Я требую вызвать на открытое заседание и этого свидетеля, как и двух
следующих: Раслина из Киева и Игольникова из Минска. В показаниях
осведомителей КГБ, разоблаченных отказниками, нет ничего, заслуживающего
внимания, они, по замыслу органов, должны были лишь составить фон для более
серьезных обвинений.
"Рыцарь кагебешной метлы" Захаров -- невысокий, худой, совершенно
бесцветный тип, мелкий хищник, хладнокровием своим в сочетании с
самоуверенностью напоминающий мне моих "хвостов". Вот кто совершенно
спокоен! Не торопясь излагает он, как нашел у мусорного ящика черновики
Тота, как понял по содержанию, что речь в них идет о шпионах, упомянутых
незадолго до того в "Известиях", и как сдал бумаги в приемную КГБ.

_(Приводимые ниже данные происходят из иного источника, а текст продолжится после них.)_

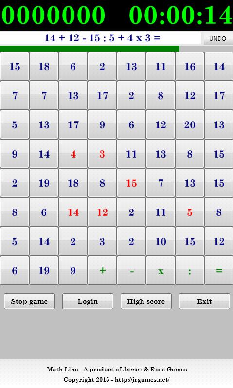- Depois que cada expressão correta for feita, os números selecionados serão excluídos. A máquina gerará aleatoriamente n novos números. No começo, o valor de n é 3. A pontuação mais alta é: o N maior é.

Вступать с ним в разговор вроде бы бессмысленно: ведь не он же
интерпретировал эти документы в угодном КГБ смысле. И все же соблазн
поговорить о грубых методах работы охранки очень велик.
Я спрашиваю:
-- Какого числа вы сдали документы в приемную?
-- Нашел четырнадцатого, сдал пятнадцатого апреля, -- отвечает он и
насмешливо улыбается: к этому вопросу его подготовили.
-- А почему на всех документах дата -- пятнадцатое марта? -- продолжаю
я уже по инерции.
-- Это их дело, -- говорит он равнодушно. -- Я на дату не смотрел.
-- Здесь же есть разъяснение, -- вмешивается судья. -- Это ошибка
секретарши. У вас есть еще вопросы?
-- Да. Вы сказали, что, увидев статью Тота, сообразили, что в ней речь
идет о тех же людях, о которых говорилось и в статье Липавского,
опубликованной -- если вы действительно нашли документы четырнадцатого
апреля -- за сорок дней до этого. Я прошу суд предложить сейчас свидетелю
текст статьи Тота -- пусть он прочтет ее вслух и переведет с английского те
места, которые вызвали его подозрения.
В том, что агенты уровня Захарова не знают иностранных языков, я был
уверен. "Дворник" спокойно перевел взгляд на судью, и тот немедленно
отреагировал:
-- Я снимаю ваш вопрос! Вы, Щаранский, подсудимый, а не эксперт, чтобы
устраивать тут проверки. Товарищ Захаров, вы свободны.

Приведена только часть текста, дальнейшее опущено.